[Excerpts from a dataset]
--- START ---

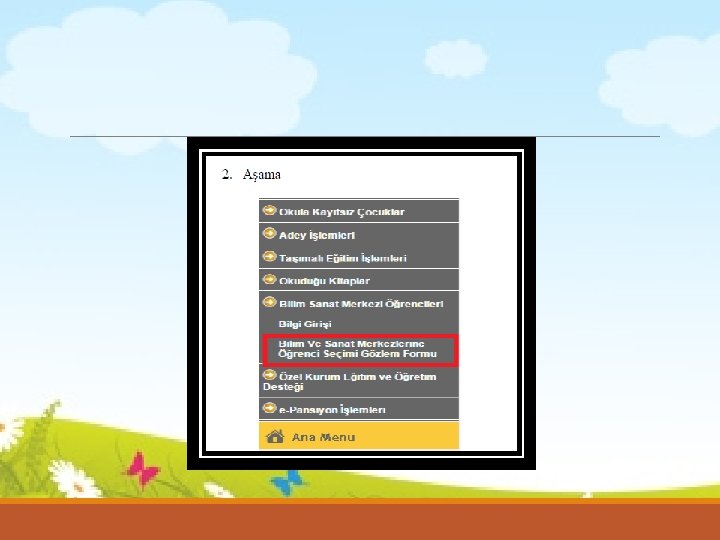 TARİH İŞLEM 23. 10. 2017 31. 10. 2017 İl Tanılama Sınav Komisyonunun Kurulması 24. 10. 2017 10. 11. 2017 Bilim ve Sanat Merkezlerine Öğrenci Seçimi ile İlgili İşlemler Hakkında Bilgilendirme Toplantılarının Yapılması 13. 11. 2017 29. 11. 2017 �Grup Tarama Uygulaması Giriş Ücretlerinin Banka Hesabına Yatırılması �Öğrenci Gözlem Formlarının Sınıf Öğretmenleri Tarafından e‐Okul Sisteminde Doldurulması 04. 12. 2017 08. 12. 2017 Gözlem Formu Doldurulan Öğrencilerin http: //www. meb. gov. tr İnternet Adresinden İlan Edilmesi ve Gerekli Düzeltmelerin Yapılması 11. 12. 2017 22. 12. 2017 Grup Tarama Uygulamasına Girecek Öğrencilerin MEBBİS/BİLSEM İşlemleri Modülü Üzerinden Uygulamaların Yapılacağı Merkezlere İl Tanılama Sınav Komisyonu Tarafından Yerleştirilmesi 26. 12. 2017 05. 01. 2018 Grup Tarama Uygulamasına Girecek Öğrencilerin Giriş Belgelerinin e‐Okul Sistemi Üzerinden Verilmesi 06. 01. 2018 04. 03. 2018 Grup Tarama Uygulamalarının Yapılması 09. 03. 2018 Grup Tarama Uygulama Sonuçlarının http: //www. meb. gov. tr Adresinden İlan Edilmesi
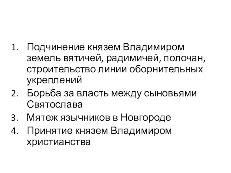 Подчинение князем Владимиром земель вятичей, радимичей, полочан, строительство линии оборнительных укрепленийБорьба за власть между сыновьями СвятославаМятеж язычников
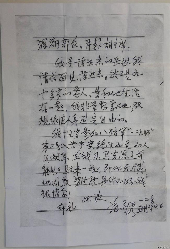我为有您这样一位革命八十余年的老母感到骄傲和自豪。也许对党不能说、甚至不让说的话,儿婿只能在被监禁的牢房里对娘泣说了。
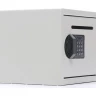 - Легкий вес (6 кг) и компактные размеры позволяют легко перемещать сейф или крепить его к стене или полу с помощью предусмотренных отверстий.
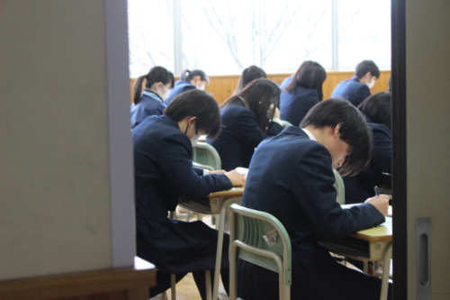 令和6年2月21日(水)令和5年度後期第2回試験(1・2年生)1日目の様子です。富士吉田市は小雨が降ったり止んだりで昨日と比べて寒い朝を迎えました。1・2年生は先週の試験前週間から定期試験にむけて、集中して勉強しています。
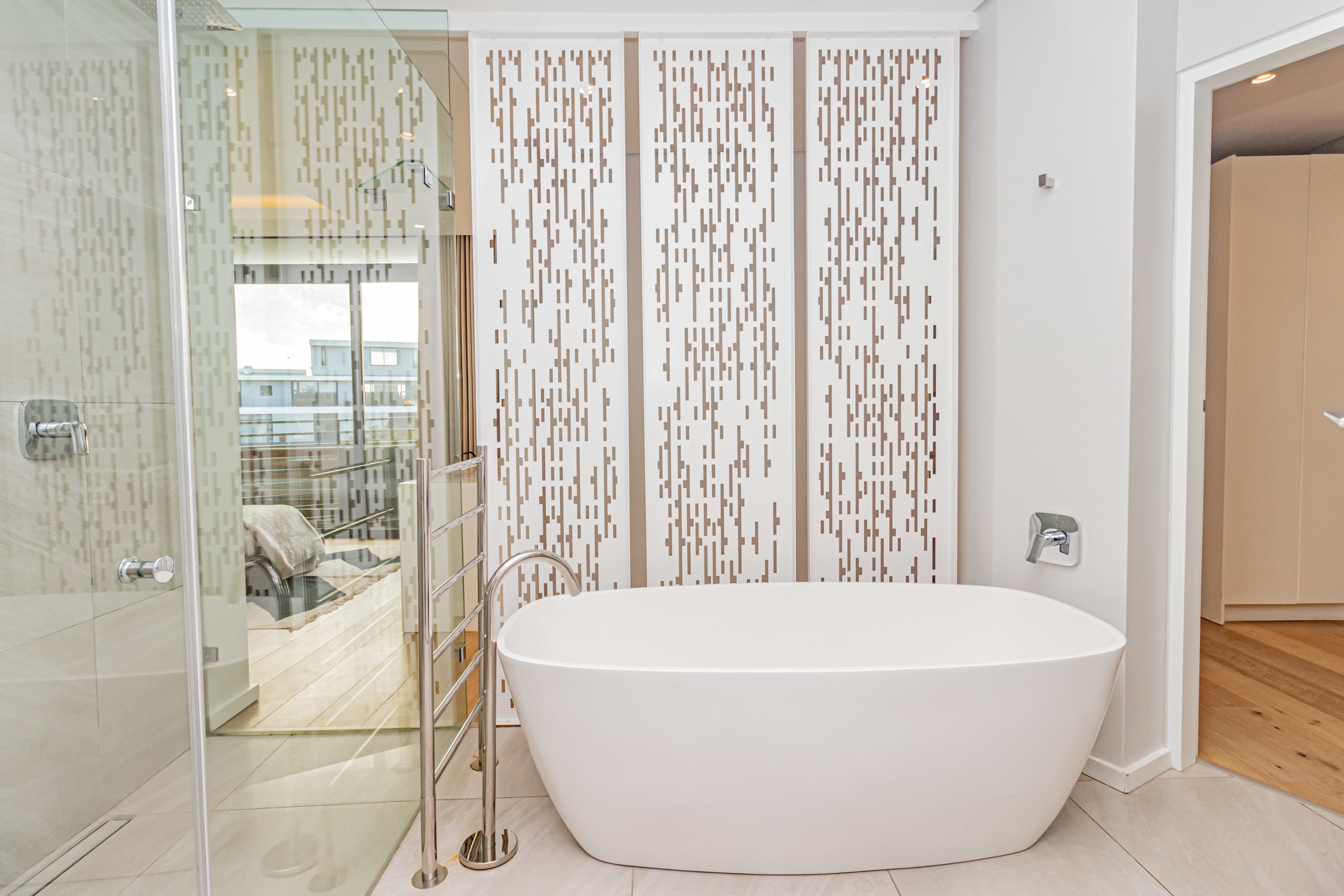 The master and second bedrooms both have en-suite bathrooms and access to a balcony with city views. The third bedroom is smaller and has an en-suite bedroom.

--- END ---

• Directions: Only the lines from the one with "令和6年2月21日(水)令和" through the end of the data, both ends included, should be written out exactly, and no pictures should appear.

• Task solution:
 令和6年2月21日(水)令和5年度後期第2回試験(1・2年生)1日目の様子です。富士吉田市は小雨が降ったり止んだりで昨日と比べて寒い朝を迎えました。1・2年生は先週の試験前週間から定期試験にむけて、集中して勉強しています。
 The master and second bedrooms both have en-suite bathrooms and access to a balcony with city views. The third bedroom is smaller and has an en-suite bedroom.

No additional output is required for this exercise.